## DATASET EXCERPT
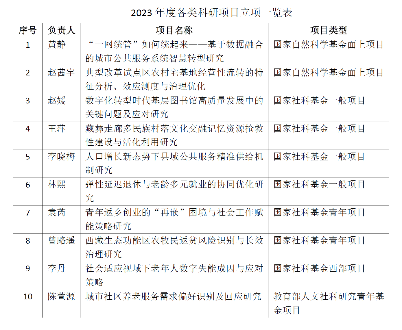 至此,2023年度我院共有10位老师获得各类纵向项目资助,延续了长期以来的高立项水准。在此向获得立项的老师们表示热烈祝贺!
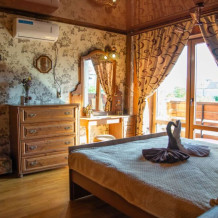 Романтическая, экзотическая дача с двумя спальнями, гидромассажной ванной, камином и русской баней внутри.
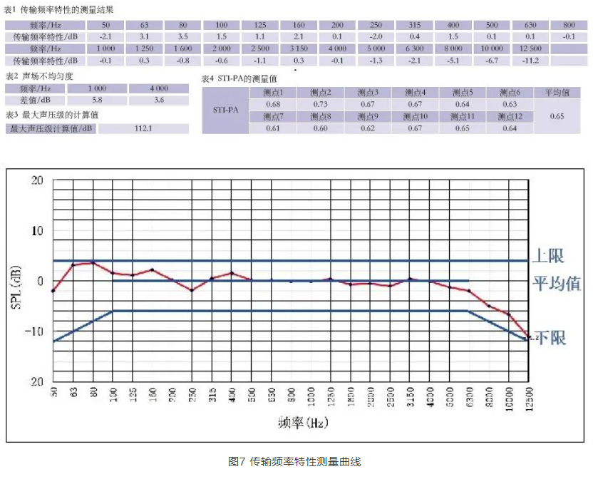 擴(kuò)聲系統(tǒng)安裝調(diào)試完畢后,筆者對(duì)主會(huì)場(chǎng)進(jìn)行了擴(kuò)聲系統(tǒng)指標(biāo)現(xiàn)場(chǎng)測(cè)試。由于主席臺(tái)區(qū)域會(huì)議發(fā)言位置未確定,此次測(cè)量并未包含傳聲增益指標(biāo),測(cè)量結(jié)果見表1至表4、圖7。擴(kuò)聲系統(tǒng)各項(xiàng)指標(biāo)均達(dá)到設(shè)計(jì)目標(biāo)及行業(yè)相關(guān)標(biāo)準(zhǔn)指標(biāo)。

## EXERCISE DESCRIPTION
Would you write out the material above in full, exactly as given, except for its pictures?

## RESPONSE
 至此,2023年度我院共有10位老师获得各类纵向项目资助,延续了长期以来的高立项水准。在此向获得立项的老师们表示热烈祝贺!
 Романтическая, экзотическая дача с двумя спальнями, гидромассажной ванной, камином и русской баней внутри.
 擴(kuò)聲系統(tǒng)安裝調(diào)試完畢后,筆者對(duì)主會(huì)場(chǎng)進(jìn)行了擴(kuò)聲系統(tǒng)指標(biāo)現(xiàn)場(chǎng)測(cè)試。由于主席臺(tái)區(qū)域會(huì)議發(fā)言位置未確定,此次測(cè)量并未包含傳聲增益指標(biāo),測(cè)量結(jié)果見表1至表4、圖7。擴(kuò)聲系統(tǒng)各項(xiàng)指標(biāo)均達(dá)到設(shè)計(jì)目標(biāo)及行業(yè)相關(guān)標(biāo)準(zhǔn)指標(biāo)。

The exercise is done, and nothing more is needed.